▶ Exercise instructions:
Work through the listing below and give again exactly the lines from the one with "最大行程:1000mm" to the one with "Fixing rail for", both ends included. All other lines and all pictures stay out.

---------- Source records ----------

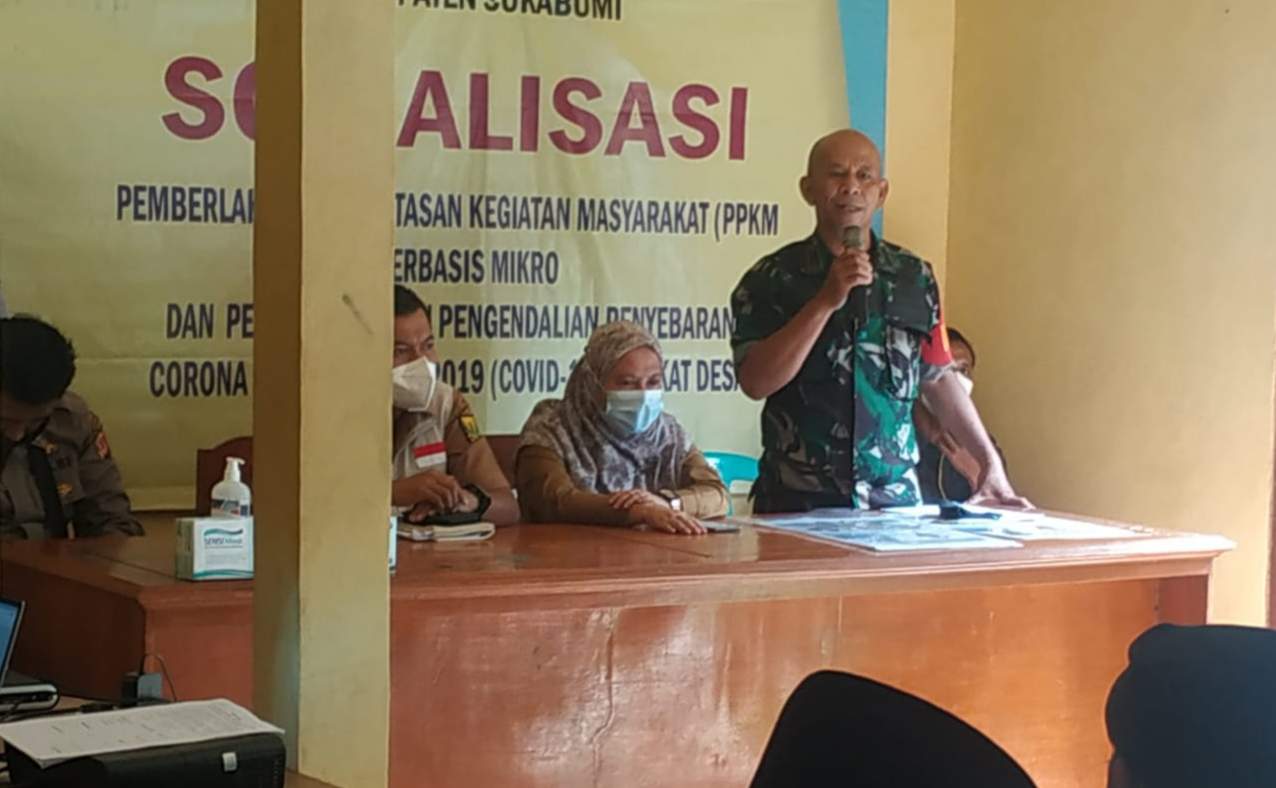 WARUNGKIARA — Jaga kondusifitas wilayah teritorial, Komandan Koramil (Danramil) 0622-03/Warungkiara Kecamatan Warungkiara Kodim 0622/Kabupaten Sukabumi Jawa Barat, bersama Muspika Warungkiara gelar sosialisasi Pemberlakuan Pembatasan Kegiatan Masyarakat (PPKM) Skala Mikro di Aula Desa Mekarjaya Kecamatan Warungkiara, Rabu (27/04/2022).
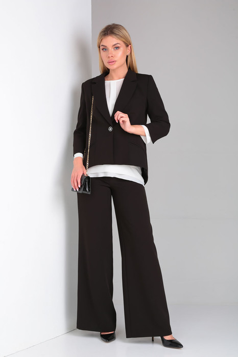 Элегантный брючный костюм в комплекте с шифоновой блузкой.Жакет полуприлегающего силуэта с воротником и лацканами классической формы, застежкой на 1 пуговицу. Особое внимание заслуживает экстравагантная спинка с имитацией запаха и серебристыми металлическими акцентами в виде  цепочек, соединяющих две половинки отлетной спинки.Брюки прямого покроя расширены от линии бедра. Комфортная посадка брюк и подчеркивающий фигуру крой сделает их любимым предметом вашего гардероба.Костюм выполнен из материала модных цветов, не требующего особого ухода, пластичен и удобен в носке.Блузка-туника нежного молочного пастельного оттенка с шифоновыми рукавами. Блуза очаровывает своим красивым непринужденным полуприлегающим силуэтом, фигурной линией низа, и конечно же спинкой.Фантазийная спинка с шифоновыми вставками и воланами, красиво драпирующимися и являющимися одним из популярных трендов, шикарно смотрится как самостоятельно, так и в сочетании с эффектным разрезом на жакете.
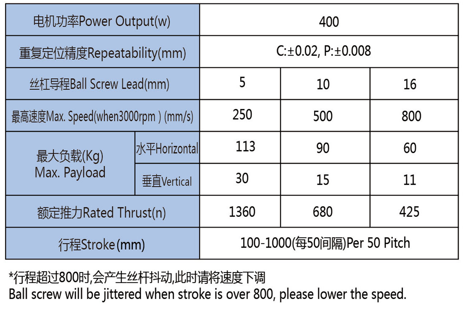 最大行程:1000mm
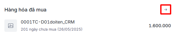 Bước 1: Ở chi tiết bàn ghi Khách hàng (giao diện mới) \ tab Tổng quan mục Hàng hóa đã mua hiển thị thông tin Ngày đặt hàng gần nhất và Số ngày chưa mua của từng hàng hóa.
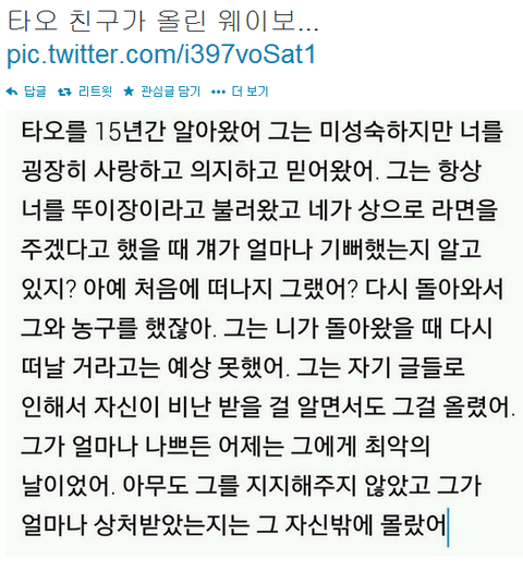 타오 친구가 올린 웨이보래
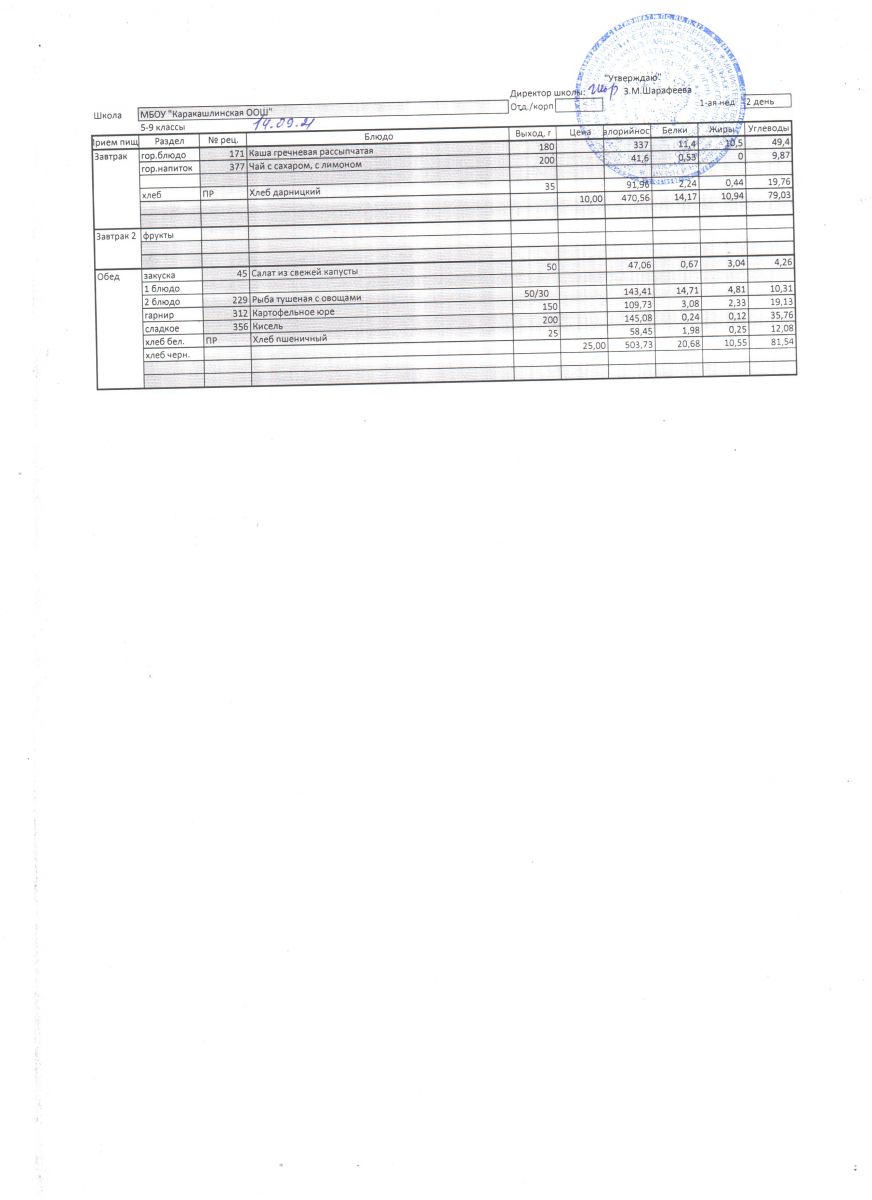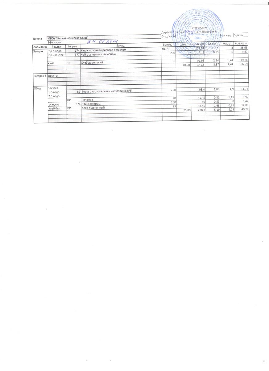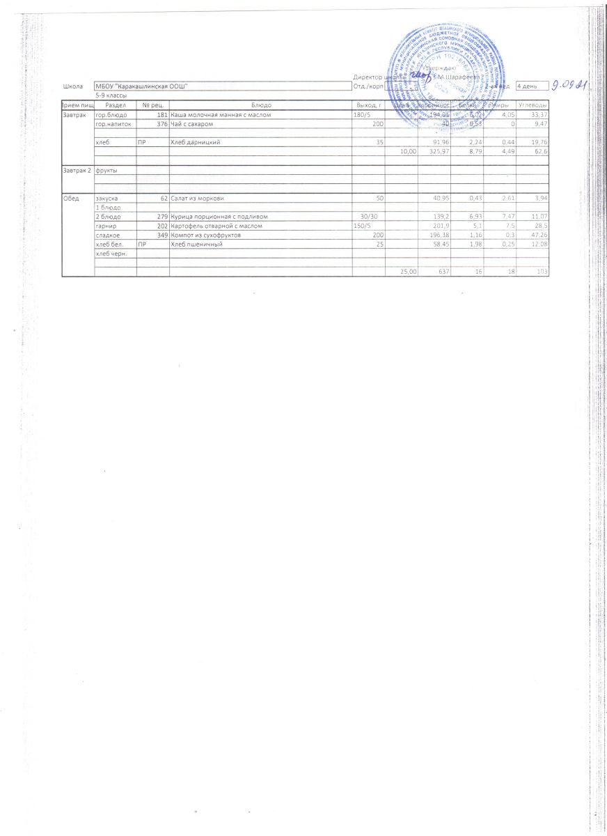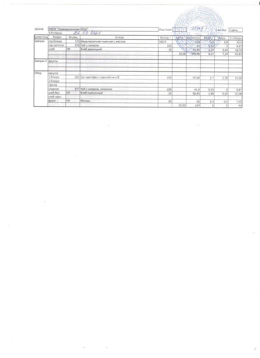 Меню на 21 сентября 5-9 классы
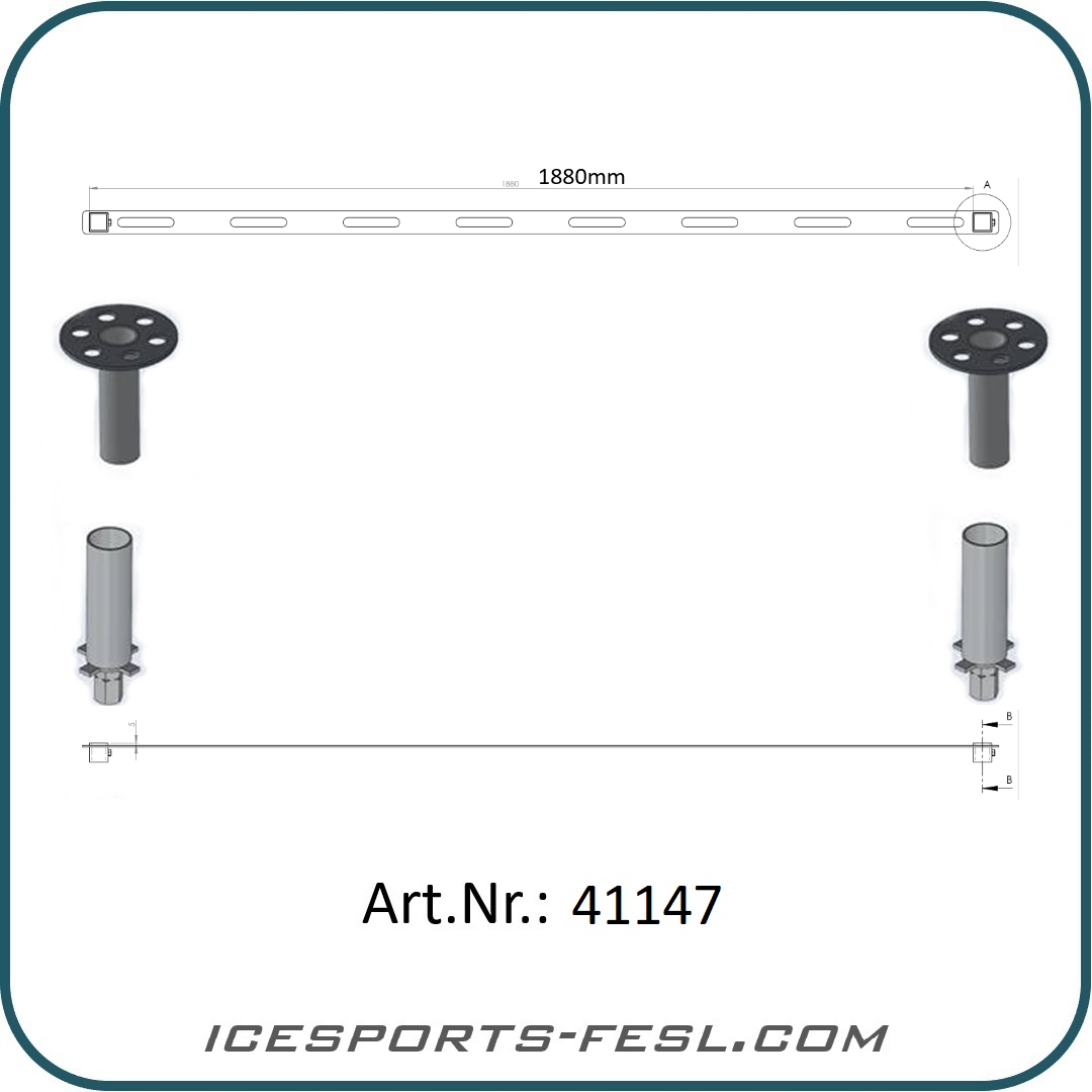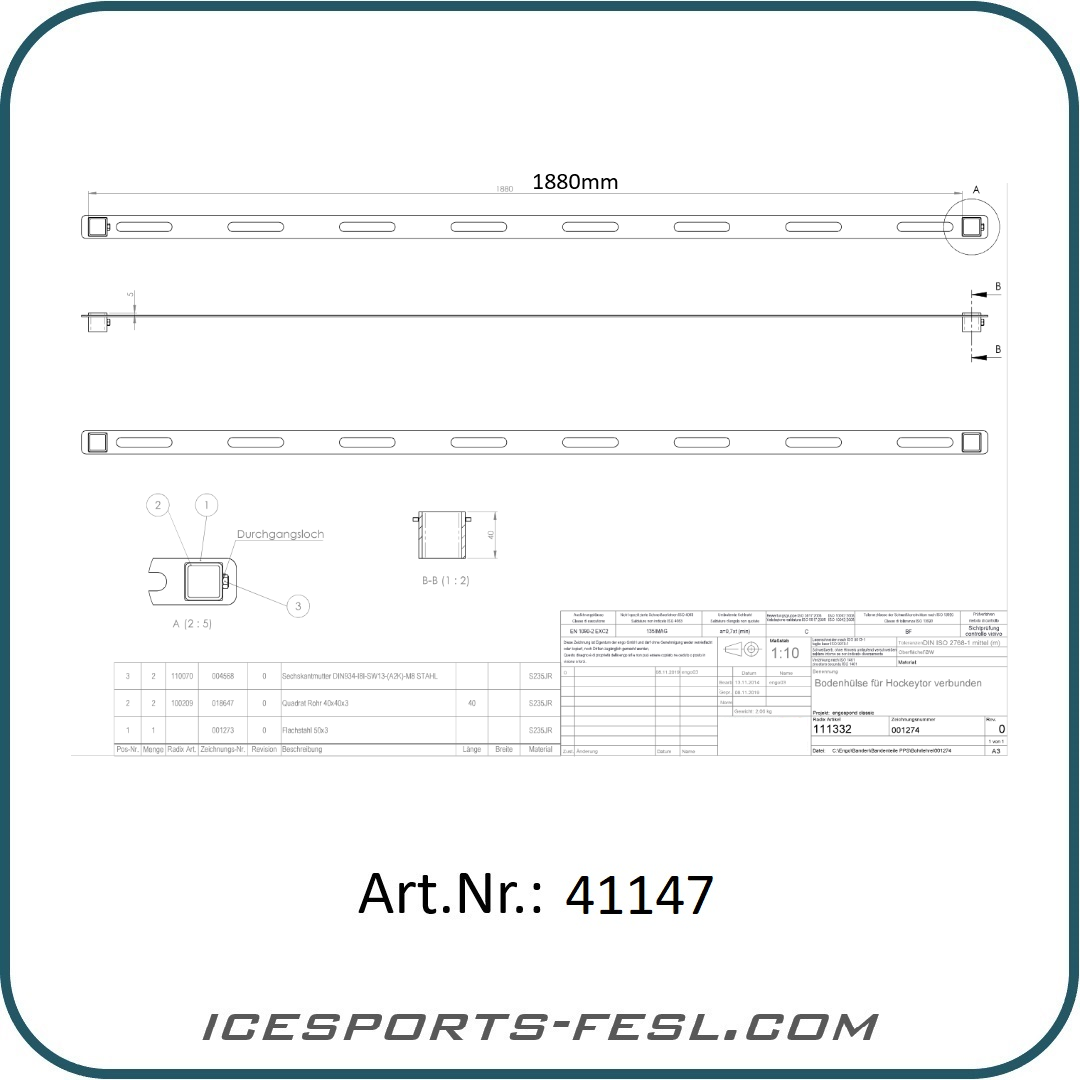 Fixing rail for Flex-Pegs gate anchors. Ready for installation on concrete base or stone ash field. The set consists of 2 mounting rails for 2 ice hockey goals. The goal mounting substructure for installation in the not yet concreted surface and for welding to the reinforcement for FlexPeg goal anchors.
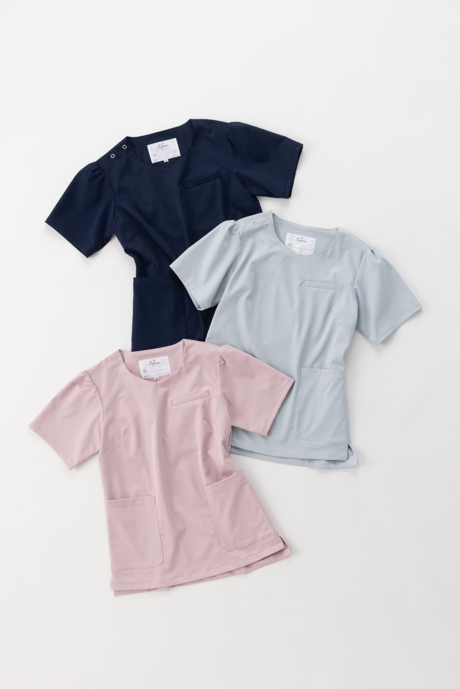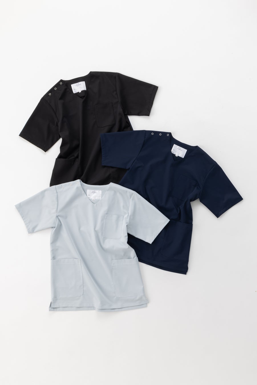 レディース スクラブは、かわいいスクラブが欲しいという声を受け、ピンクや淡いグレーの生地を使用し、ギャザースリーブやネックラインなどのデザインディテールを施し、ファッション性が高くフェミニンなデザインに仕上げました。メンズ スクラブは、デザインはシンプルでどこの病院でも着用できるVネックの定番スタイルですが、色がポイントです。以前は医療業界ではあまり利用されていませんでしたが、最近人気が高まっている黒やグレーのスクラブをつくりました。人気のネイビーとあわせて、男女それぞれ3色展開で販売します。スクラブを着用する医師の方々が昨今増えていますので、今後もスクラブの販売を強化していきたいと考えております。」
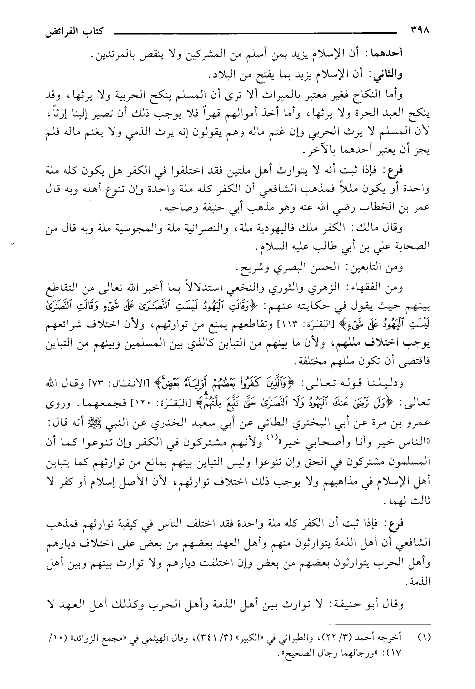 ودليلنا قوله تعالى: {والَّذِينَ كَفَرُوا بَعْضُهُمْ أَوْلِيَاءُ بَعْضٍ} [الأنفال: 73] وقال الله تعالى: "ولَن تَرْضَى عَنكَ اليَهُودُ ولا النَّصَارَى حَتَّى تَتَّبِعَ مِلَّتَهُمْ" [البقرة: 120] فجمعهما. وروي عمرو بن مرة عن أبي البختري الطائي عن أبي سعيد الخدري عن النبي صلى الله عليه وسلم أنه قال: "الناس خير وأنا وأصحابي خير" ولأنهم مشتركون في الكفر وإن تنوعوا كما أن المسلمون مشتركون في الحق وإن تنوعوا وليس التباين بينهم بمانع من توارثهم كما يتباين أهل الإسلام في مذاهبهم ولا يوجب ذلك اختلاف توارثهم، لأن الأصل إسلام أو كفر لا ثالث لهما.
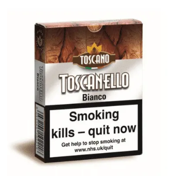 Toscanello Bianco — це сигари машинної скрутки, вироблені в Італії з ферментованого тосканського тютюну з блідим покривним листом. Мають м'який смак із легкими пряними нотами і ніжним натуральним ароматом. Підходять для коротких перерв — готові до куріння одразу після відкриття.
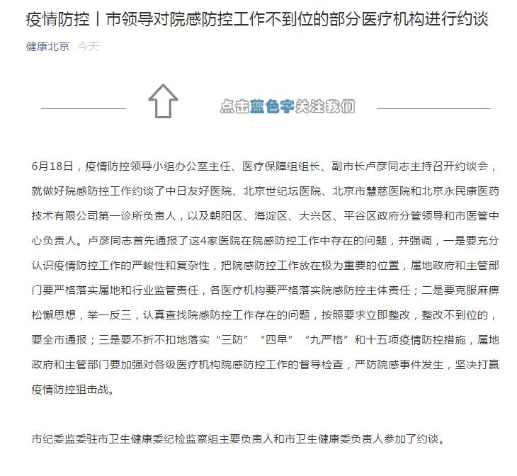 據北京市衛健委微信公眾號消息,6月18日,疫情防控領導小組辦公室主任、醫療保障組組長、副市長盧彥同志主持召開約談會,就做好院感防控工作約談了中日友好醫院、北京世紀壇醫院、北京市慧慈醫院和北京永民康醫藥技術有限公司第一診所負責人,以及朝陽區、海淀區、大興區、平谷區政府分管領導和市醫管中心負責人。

----------

▶ Written answer:
 最大行程:1000mm
 Bước 1: Ở chi tiết bàn ghi Khách hàng (giao diện mới) \ tab Tổng quan mục Hàng hóa đã mua hiển thị thông tin Ngày đặt hàng gần nhất và Số ngày chưa mua của từng hàng hóa.
 타오 친구가 올린 웨이보래
 Меню на 21 сентября 5-9 классы
 Fixing rail for Flex-Pegs gate anchors. Ready for installation on concrete base or stone ash field. The set consists of 2 mounting rails for 2 ice hockey goals. The goal mounting substructure for installation in the not yet concreted surface and for welding to the reinforcement for FlexPeg goal anchors.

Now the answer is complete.